As to the flies–I have vivid memories of our kitchen ceiling in Paraguay just covered by them-and as a result I have a paranoia about flies!
Thanks Elfrieda; and I’ve put Powning on my list-to-read.
Thanks for that Dora. Someday I will step back into the wonderful world of literature and especially current Cdn lit- in the mean time you remind me of my deep love for good writing- and give me prompt or two to actually pick up a book of fiction. I think I need a period Hecla Island time as well 🙂 So don’t apologize for the longer post.
Good to hear from you James. You’ve got Van. Island time, but maybe that’s not the same. 🙂
Hecla is one of my favourite places and M Toews is one of my favourite voices. (So are you! Read The Mask this summer and very much enjoyed it.) I’m going to check out that memoir. I read a nonfiction book on Russian adoption and look forward to comparing the two. Thanks for the long post!

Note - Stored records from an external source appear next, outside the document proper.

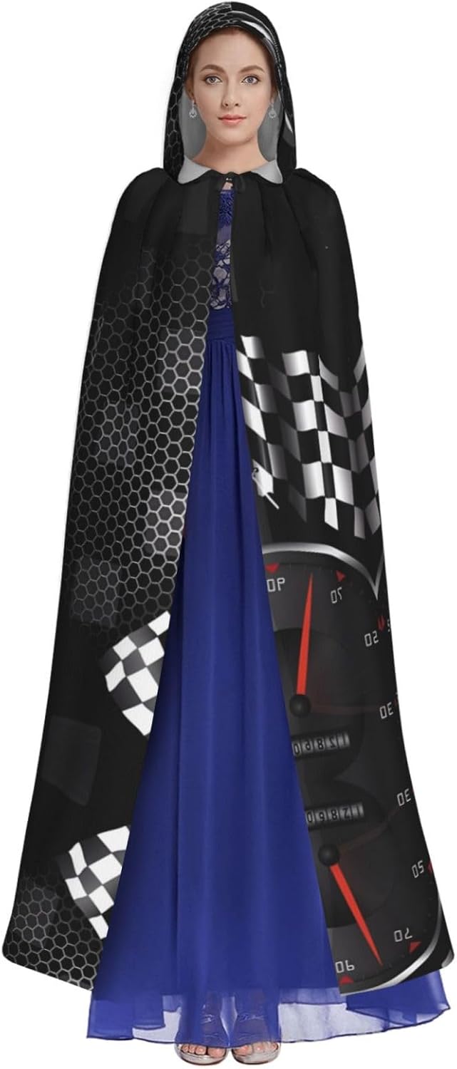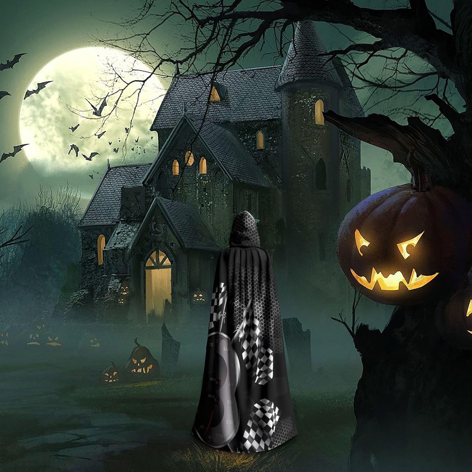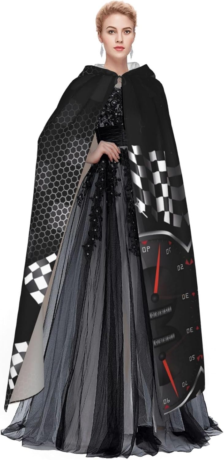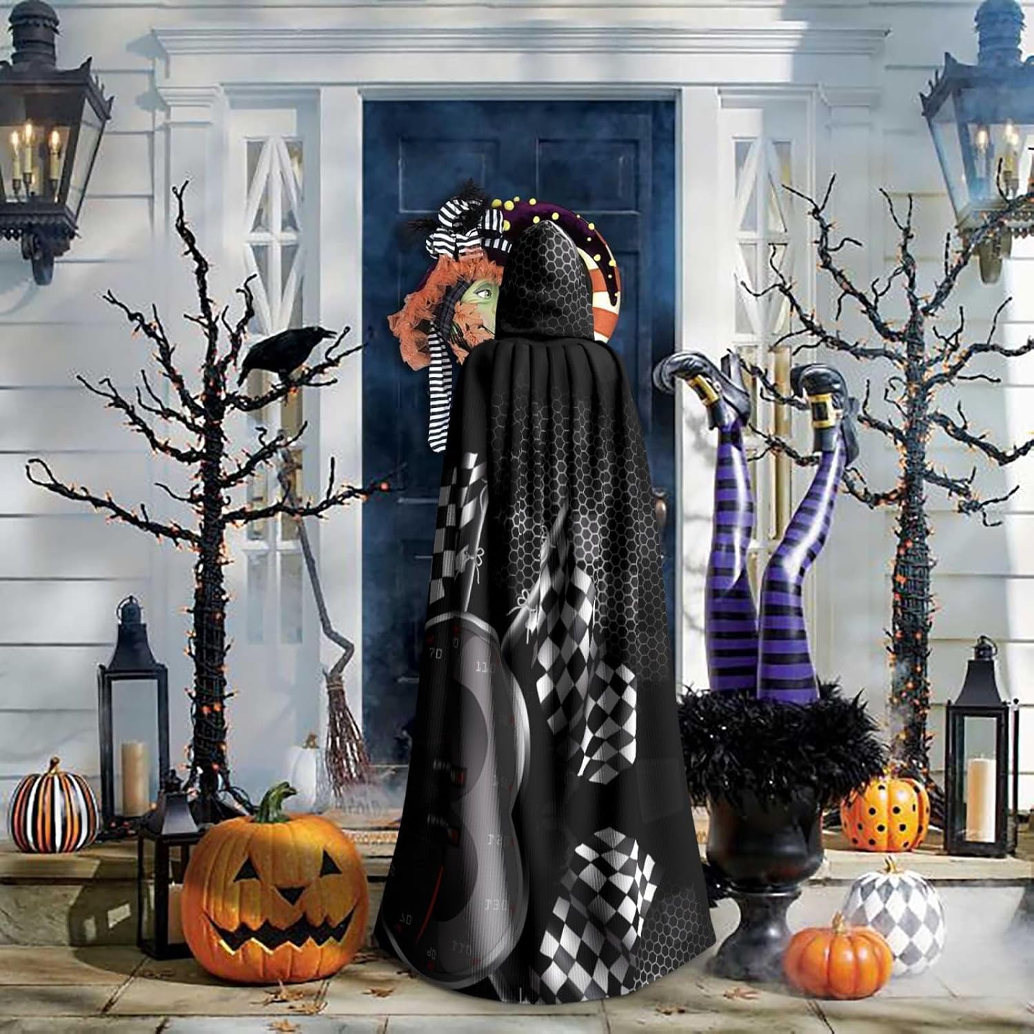 Mantello con cappuccio da corsa con bandiera a scacchi, abiti da uomo e da donna per adulti, costumi cosplay di Natale e Halloween, feste in costume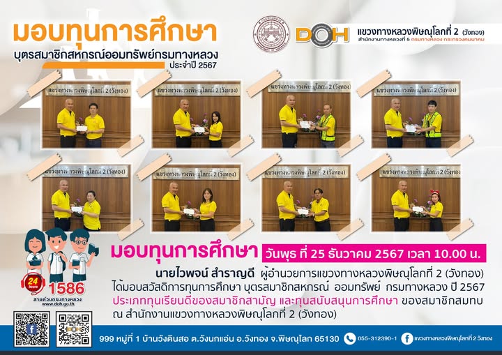มอบสวัสดิการทุนการศึกษา บุตรสมาชิกสหกรณ์ ออมทรัพย์ กรมทางหลวง ปี 2567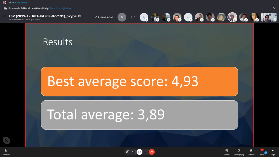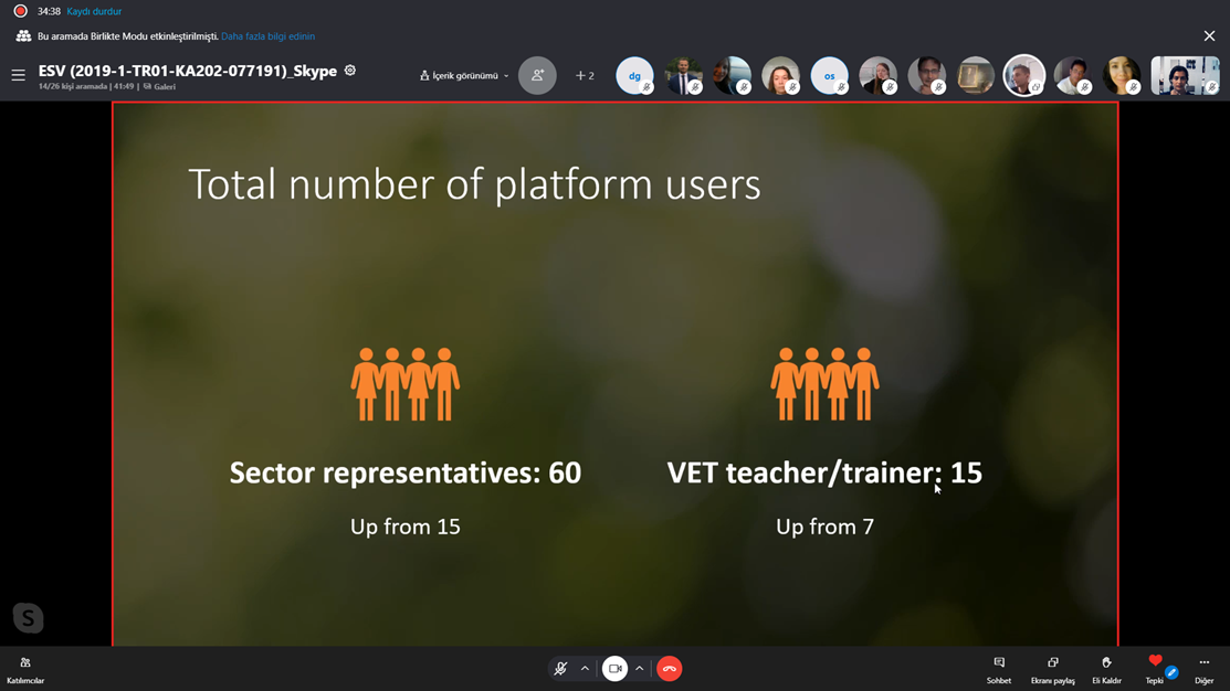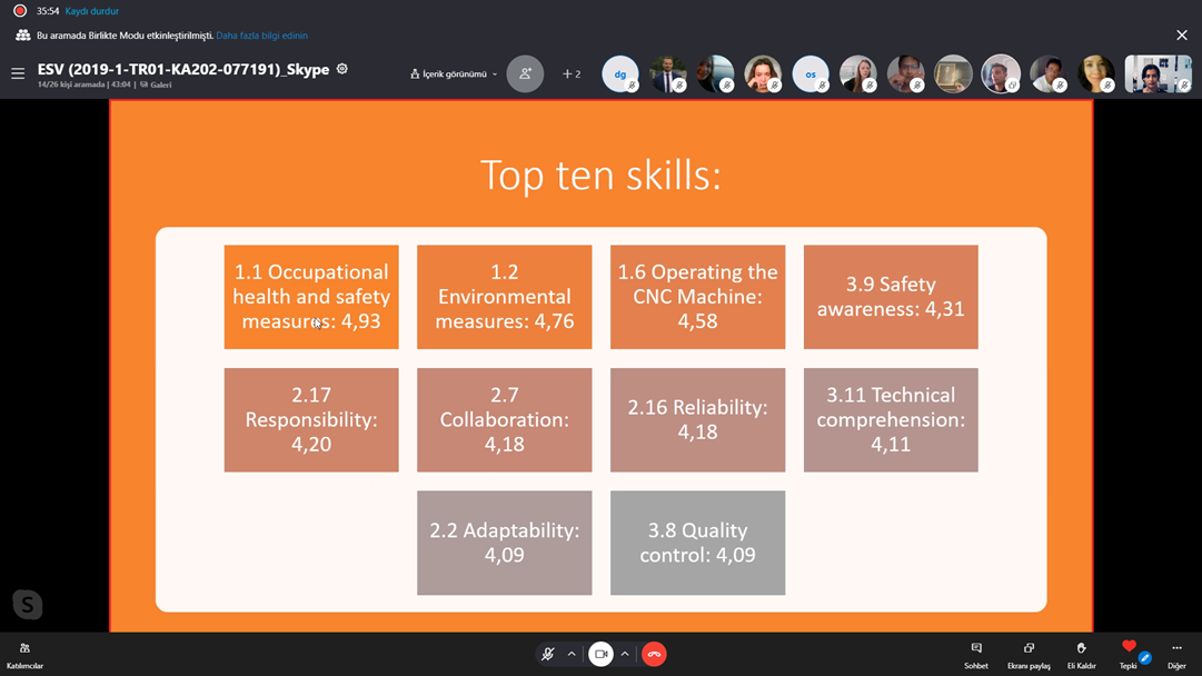 Proje ortak kurumlarının katılımıyla 17.08.2021 tarihinde gerçekleştirilen çevrim içi proje yönetim toplantısında Platform Tanıtım Günleri ve oylama süreci değerlendirildi. Sektör temsilcilerinin katılım sağladığı Beceri Değerlendirme Anketi’ne ait ilk sonuçlar paylaşıldı. Projenin beşinci ürünü olan eğitim içeriğinin tasarımına dair planlama yapıldı.

Hi Gabe, good to hear from you, and btw, congrats on your YA contract. (As an aside to readers, “The Mask” was carried in the summer issue of The Malahat Review; a number have asked about where to read.) Yes, you’ll enjoy the Mierau book.
Seven in one blow. Not flies but books. You have a seriously sassy voice yourself, Dora. Thanks for great recommendations. I must read the Toews book.
Some days more sassy than others, I’m afraid. 🙂
Why does the name Maurice Mierau sound so familiar to me? This is an intriguing book, but the title scares me, to be honest. As an adoptee and an adoptive mother, I wonder what can lie beneath such a scalding title. Yet, I am hopeful based on your review. By the way, I picked up “What You Get at Home” this summer, and I am eager to delve in at some point soon! I also just read and loved “The Wittenbergs,” by your friend Sarah Klassen. Please tell her I loved it, and I felt a real kinship to Mia. Next time I’m in Winnipeg by myself, I’d love to have coffee again!
I don’t know why, about the name, but don’t be scared, really, there’s so much love there too. Perhaps I should have said more about that. And I’ll certainly pass the message on. And let’s, let’s, let’s, when you’re in Winnipeg again. Do call.– I’m looking forward to your own book about adoption, Lorilee, if it’s anything like the blog posts you’ve written on the topic. Your story is encouraging and inspiring.
Thanks very much for the generous and insightful words about my my memoir, Dora.